= Assignment =
Stop after the line with "陜西省漢中市略陽縣郭鎮(zh". Up to that point, output every line of the listing below exactly from the first one onward, skipping pictures.

Data excerpt below:

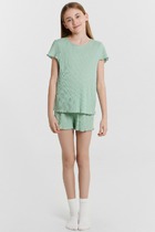 Пижама детская на кнопках. Полочка отрезная под грудью. Горловина и пройма обработаны окантовкой. На шортиках присутствуют карманы и пояс с эластичной резинкой. Подходит для отдыха и сна
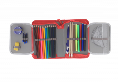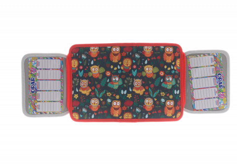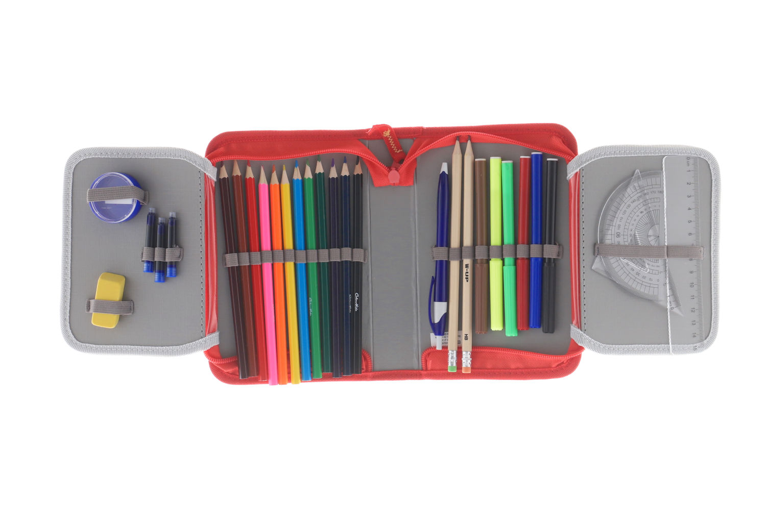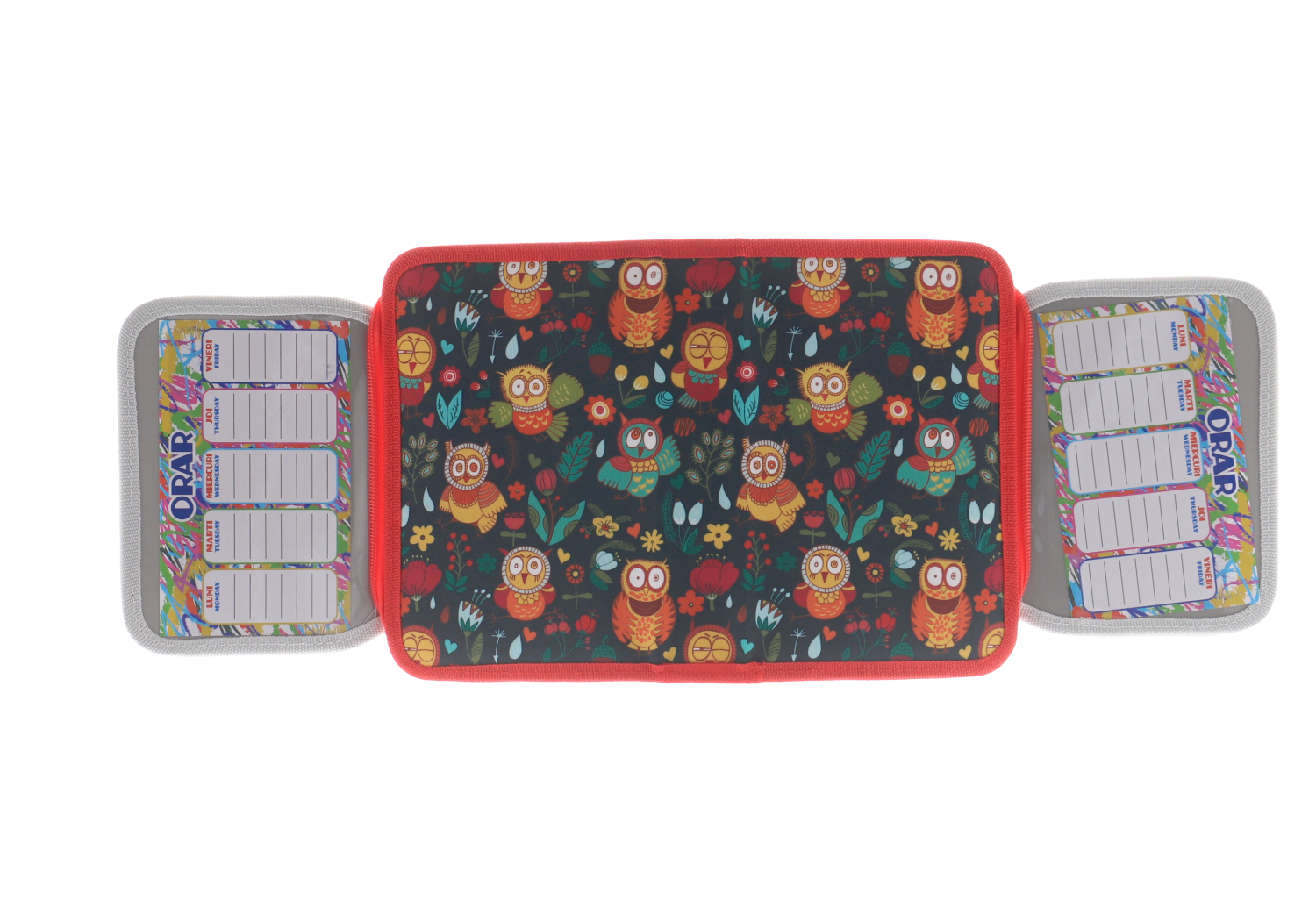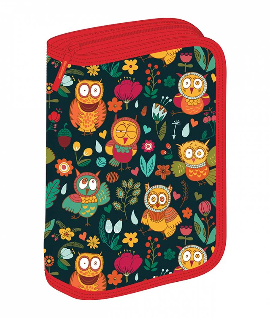 Penarul echipat Schoolfriendly Skate cu design multicolor cu bufnițe vesele și flori pe fond întunecat, cu bordură roșie, include 31 de piese esențiale pentru școală. Cu un compartiment principal și două extensii cu fermoar, acest penar practic oferă spațiu optim pentru organizarea rechizitelor, fiind ideal pentru elevi.
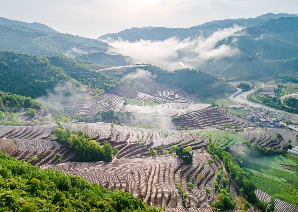 陜西省漢中市略陽縣郭鎮(zhèn)譚家莊村綜合治理后的梯田(4月26日攝,無人機(jī)照片)。
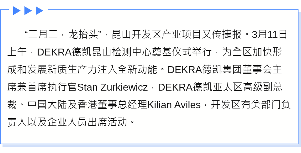 昆山检测中心不仅仅是一个全新的物理空间,也是DEKRA德凯集团深耕昆山开发区、加码昆山开发区的一个生动缩影。Stan Zurkiewicz表示,昆山开发区拥有强大的产业基础,特别是在电子、信息技术、汽车、机械和先进制造等领域产业优势明显、集聚效应突出,集团将以此为全新起点,继续秉持专业的技术水平和最高的服务标准,不断增强检测认证服务能力,进一步助力合作企业提升全球市场竞争力,为昆山开发区加快建设全国一流现代化示范园区贡献企业力量。

End of Data excerpt.

= Output =
 Пижама детская на кнопках. Полочка отрезная под грудью. Горловина и пройма обработаны окантовкой. На шортиках присутствуют карманы и пояс с эластичной резинкой. Подходит для отдыха и сна
 Penarul echipat Schoolfriendly Skate cu design multicolor cu bufnițe vesele și flori pe fond întunecat, cu bordură roșie, include 31 de piese esențiale pentru școală. Cu un compartiment principal și două extensii cu fermoar, acest penar practic oferă spațiu optim pentru organizarea rechizitelor, fiind ideal pentru elevi.
 陜西省漢中市略陽縣郭鎮(zhèn)譚家莊村綜合治理后的梯田(4月26日攝,無人機(jī)照片)。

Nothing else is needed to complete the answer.